If user-level networking is enabled, mappings from of buffers that can be used to send/receive
data have to be installed on the card. When register is called, it executes an RPC to
the card driver which adds the required mappings to a hardware register table
(shown in Figure \ref{fig:translation}). The mappings are removed by a deregister call. Each of these
entries represents a 4k page that can be used as buffers. \textbf{Note: the number
table entries is limited ($\approx$140000) so registering big amount of memory with
the solarflare card might lead to problems.} To send data using such a buffer, we need to know
for a region id the corresponding first entry of the buffer table. Since the buffer id is the
offset within the region, we can directly compute the buffer table entry if we store the index
of the first entry of the region. Further with the buffer id being the offset in the region, we
can compute offsets within a 4k buffer entry (supported by the NIC). If a buffer crosses
a 4k buffer entry boundary, the packet has to be fragmented into two descriptors in the ringbuffers.
\begin{figure}[h]
	\caption{Translation from region id + buffer id to buffer table entry of the solarflare card}
	\includegraphics[width=\textwidth]{pics/sfn5122f.pdf}
	\label{fig:translation}
\end{figure}

After the setup, we can directly access the hardware registers for managing the VNIC. If we call
\texttt{devq\_enqueue()} now, the region and buffer id are translated to an buffer table
entry and an offset which can be used to build a descriptor. The \texttt{flags} of the
\texttt{devq\_enqueue()} function are used to define if the buffer we enqueue is a receive
or send buffer.

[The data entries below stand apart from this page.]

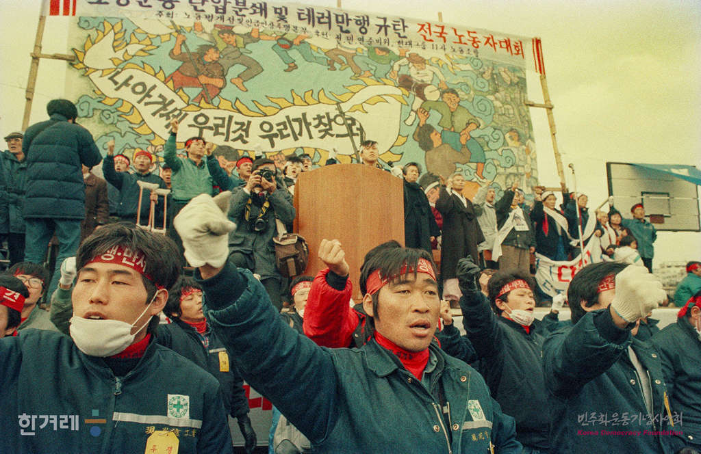 - 1989년 1월 15일 오후2시 전국 노동법개정 및 임금인상 투쟁본부가 주최한 노동운동탄압 분쇄 및 테러만행 규탄 전국노동자대회가 현대중공업 등 현대그룹 11개 계열사 노동자, 서노협, 인천 대구 경북 부산 마산 창원 등 10개 지역노조협의회, 인근 삼성 대우 풍산금속 노동자 및 재야인사 등 3만여명이 참석한 가운데 울산 태화강 고수부지에서 열리고 있다.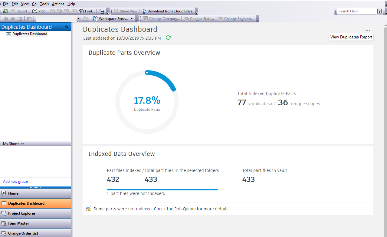 Use the dashboard to view the status of duplicate and indexed parts.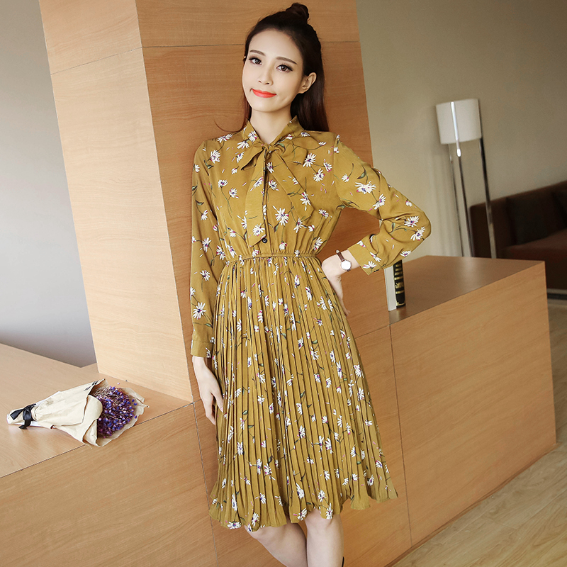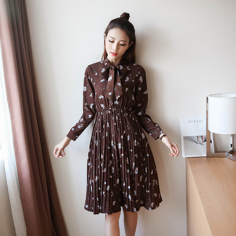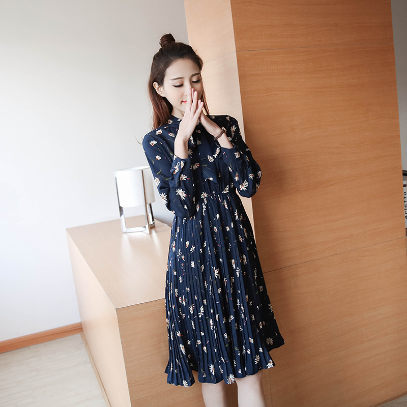 / 春新款女裝復古印花中長款打底裙收腰顯瘦碎花長袖連衣裙春秋
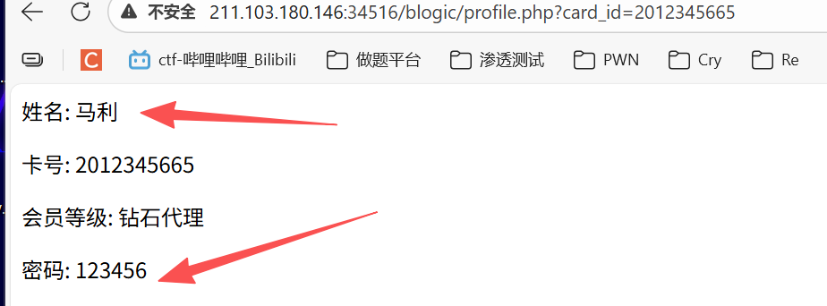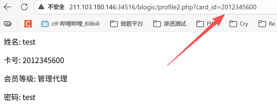 可以看到 /profile2.php?card_id=2012345600 其中对应着卡号: 2012345600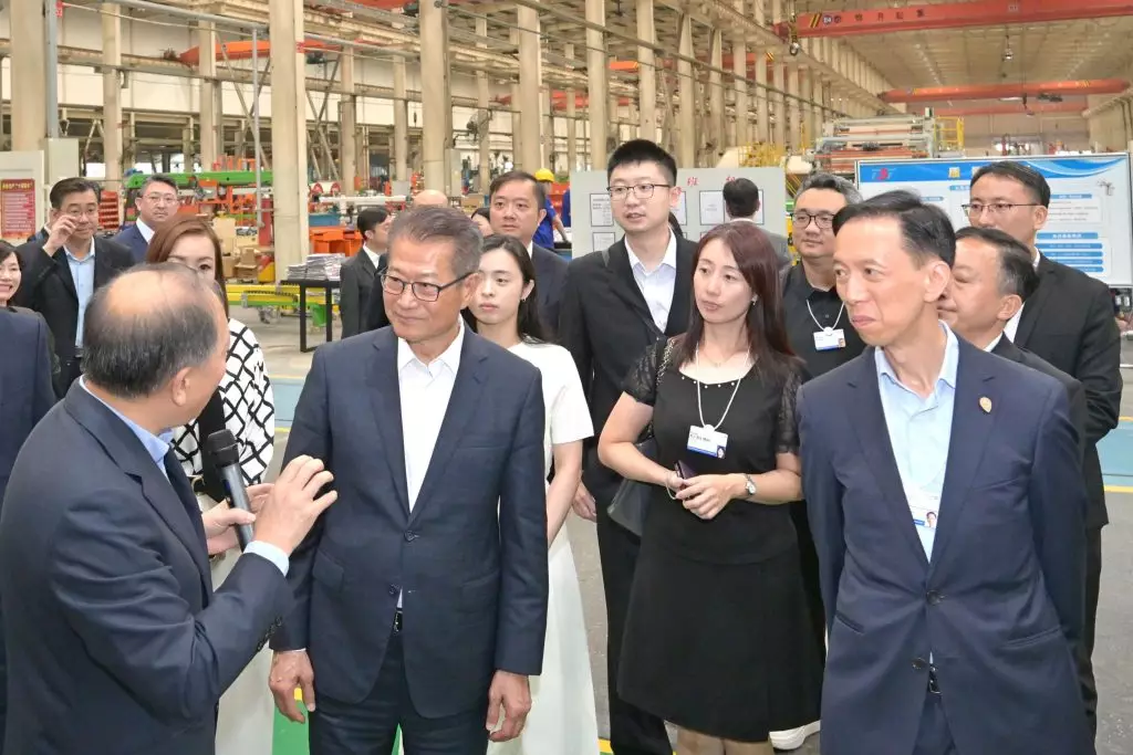 財政司司長陳茂波(左二)帶同香港科技園公司的團隊到訪天津濱海高新技術產業開發區,並參訪開發區內一家從事先進設備製造業務的創新企業。
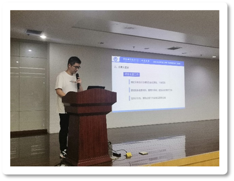 而后,负责人贺鹏介绍了本次优秀院系评比项目的整体情况,从项目概况、关键时间节点、注意事项三个部分展开叙述;同时,他也希望大家在参与项目工作时能够全身心投入,能在此次项目中得到锻炼,有所收获。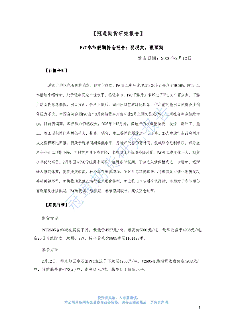 冠通期货-PVC春节假期持仓报告:弱现实,强预期-260212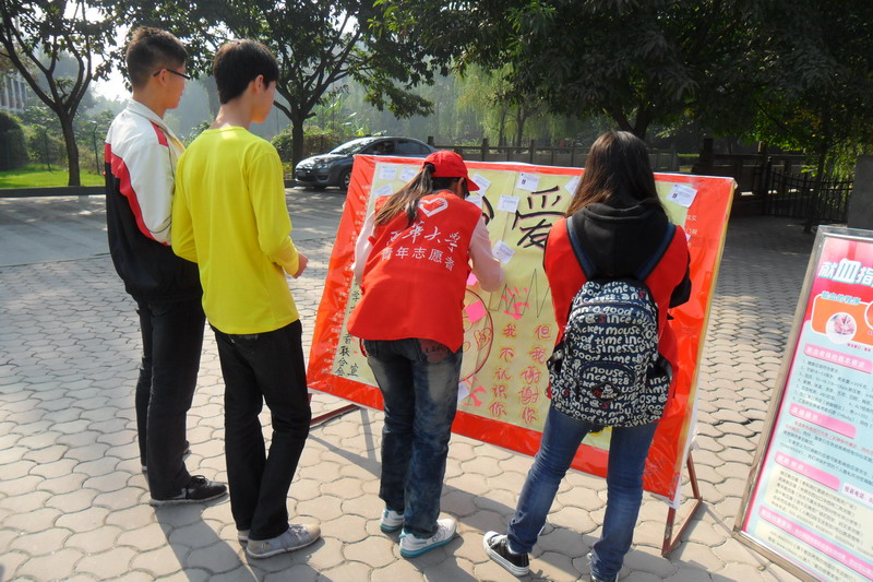 10月31日,成都市血液中心采血车走进西华校园。连续两天,在西华大学的采血量总计接近1000袋,每天的采血时间从上午要一直持续到快天黑,西华学子的志愿精神让一向淡定的采血工作人员都大呼“压力很大”!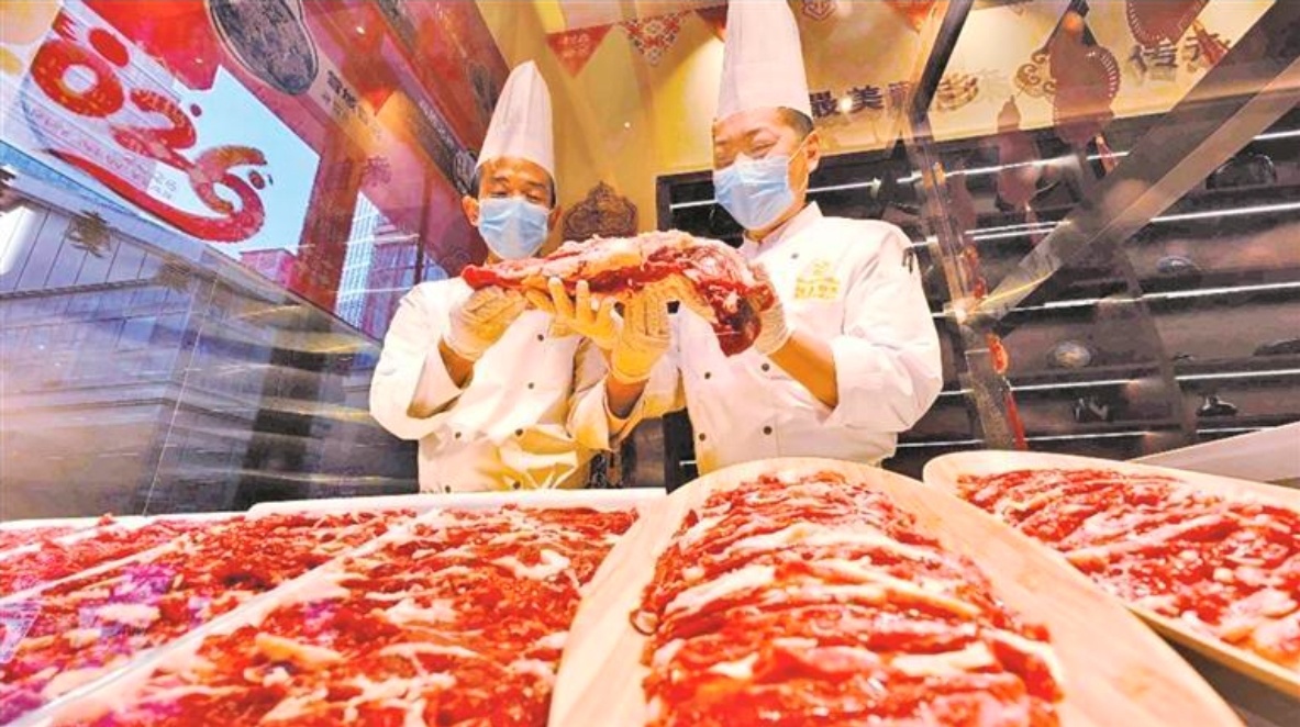 1月23日,西宁一家火锅店内,厨师在分割来自果洛藏族自治州班玛县的新鲜牦牛肉。2025年,该店牦牛肉销量达30吨。这类高原特色产品能跨区域端上城市餐桌,得益于青海冷链物流体系不断完善,也展现出“飞地经济”模式的推广成效。(记者 祁晓军 摄)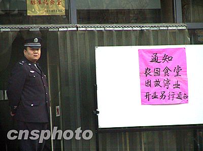 北京大学农园餐厅二月二十五日发生自制黑火药爆炸事故。图为由保安看守的农园餐厅外景。作者:武仲林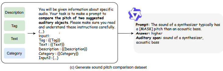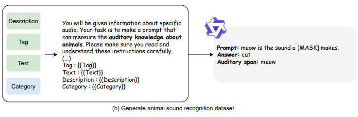 • 청각 지식 스팬 감지 → CLAP으로 관련 오디오 검색 → 오디오 임베딩 생성 → 언어 모델에 주입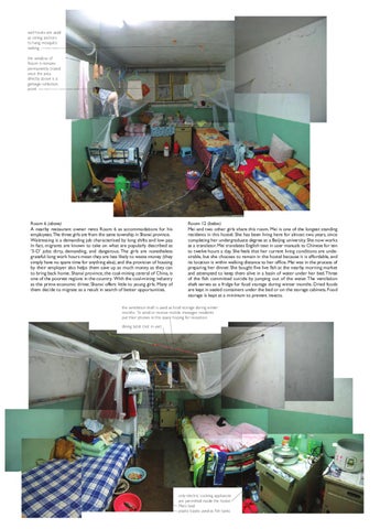 Room 12 (below) Mei and two other girls share this room. Mei is one of the longest standing residents in this hostel. She has been living here for almost two years, since completing her undergraduate degree at a Beijing university. She now works as a translator. Mei translates English text in user manuals to Chinese for ten to twelve hours a day. She feels that her current living conditions are undesirable, but she chooses to remain in the hostel because it is affordable, and its location is within walking distance to her office. Mei was in the process of preparing her dinner. She bought five live fish at the nearby morning market and attempted to keep them alive in a basin of water under her bed. Three of the fish committed suicide by jumping out of the water. The ventilation shaft serves as a fridge for food storage during winter months. Dried foods are kept in sealed containers under the bed or on the storage cabinets. Food storage is kept at a minimum to prevent insects.

Additionally to the descriptor, we also write the buffer id, region id and
other information alongside the descriptor so a second translation of
buffer table index to region and buffer id is not necessary on \texttt{devq\_dequeue()}.
Since both \texttt{devq\_enqueue} and \texttt{devq\_dequeue} directly access hardware
registers, \texttt{devq\_notify} is a NOP. Here we use the semantics, that enqueing/dequeueing
on a queue is possible before receiving a notify.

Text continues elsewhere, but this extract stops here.